We tried to implement this securely by storing the map of clientId to credential details (URL, API Key) in a single, master Custom Auth credential, instead of having plain-text keys in the code. The plan was to have a Code node:

Read the incoming clientId.
Load the master Custom Auth credential.
Look up the correct URL and API Key from the JSON map inside the credential.
Pass these values to the final HTTP Request node.

Unfortunately, we’ve hit a definitive roadblock: in my self-hosted environment (v1.106.3), the Code node seems to have no access to the credential store at all. Any attempt to access the $credentials object from the code results in an error: "$credentials is not defined".

This seems to leave us with only one viable, albeit more manual, alternative: using a Switch node. The flow would be to route based on clientId to a different HTTP Request node for each client. Each of these HTTP Request nodes would then have its specific client credential selected manually in the UI.

Before I go down that path, I wanted to ask for your expert opinion: Is this Switch node architecture the correct and most robust pattern for a multitenant setup when programmatic credential access in the Code node isn’t possible?

Thanks again for your invaluable help.

jabbson · September 4, 2025, 3:46pm

Hey @Lorena_Lopez,
yes, I don’t believe the code node can access credentials.

Any other way of passing sensitive data wouldn’t be as secure.
You could use switch, you could use the code node with mapping (a structure with keys of clientIds and values of the keys), or you could try to utilize external data vaults.

Lorena_Lopez · September 5, 2025, 5:31pm

Hi Jabbson and community,

I’m following up to confirm that our issue is now solved. A huge thank you to everyone who contributed, especially Jabbson for validating the final approach.

For anyone else facing a similar multitenant challenge where you need to dynamically select credentials for an HTTP request and programmatic access in the Code node isn’t an option, here is the final, robust architecture that worked for us.

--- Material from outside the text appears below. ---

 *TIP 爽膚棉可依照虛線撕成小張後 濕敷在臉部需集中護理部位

The Solution: “Switch” Node Architecture

The core challenge was that the Code node in our self-hosted environment could not access the $credentials object, making dynamic loading impossible. The solution was to use a Switch node to route traffic to a dedicated HTTP Request node for each client.

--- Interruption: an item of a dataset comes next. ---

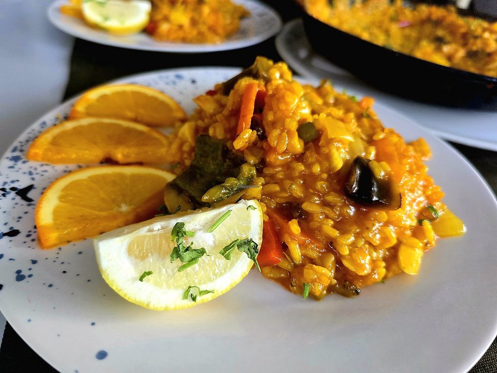 Not a lot of vegan options, but they can do a cheese-less pizza that was very healthy and tasty. Best was the vegan paella--you won't want to stop eating it! The bruschetta was fine but nothing special. Very friendly service and pleasant outdoor/indoor seating, although not in a very scenic neighborhood.

1. Credential Setup (One per Client): We created one Header Auth credential for each client. This keeps all secret API keys securely in the n8n vault.

Credential Name: API Key - Client ABC
Header Name: API-KEY
Header Value: SECRET_KEY_FOR_CLIENT_ABC

2. Centralized Configuration (Code Node): An upstream Code node handles all the non-secret logic. It prepares the query parameters and contains a simple JavaScript map of clientId to that client’s specific API URL.

JavaScript

// Example map inside an upstream Code node
const clientConfigMap = {
  'client_abc': { url: 'https://api.client-abc.com/v1/' },
  'client_xyz': { url: 'https://api.client-xyz.com/v1/' }
};
// This node's output includes the specific URL for the current client,
// the final request body, and the clientId.

3. Routing (Switch Node): A Switch node routes the workflow based on the clientId received from the upstream Code node.

4. Dedicated Execution (HTTP Request Node per Client): We placed a separate HTTP Request node on each branch of the Switch. The configuration for each is simple and reliable:

Authentication: Set to Header Auth in the dropdown.
Credential: Manually select the specific Header Auth credential for that client (e.g., API Key - Client ABC) from the credential dropdown. This is the key step.
URL: Use an expression to pull the dynamic URL from the upstream Code node (e.g., {{ $json.apiUrl }}endpoint).
Body: Use an expression to pull the prepared request body.

This Switch pattern completely bypasses the Code node’s limitations for accessing credentials and provides a secure, reliable, and visually clear way to manage a multitenant workflow.

Thanks again for guiding us to this solution!

jabbson · September 5, 2025, 5:35pm

Thank you for getting back and sharing your final thoughts with the community.

If my answer was useful, and steered you in the right direction, kindly mark it as a solution, thank you.

Cheers!

system · September 12, 2025, 5:36pm

This topic was automatically closed 7 days after the last reply. New replies are no longer allowed.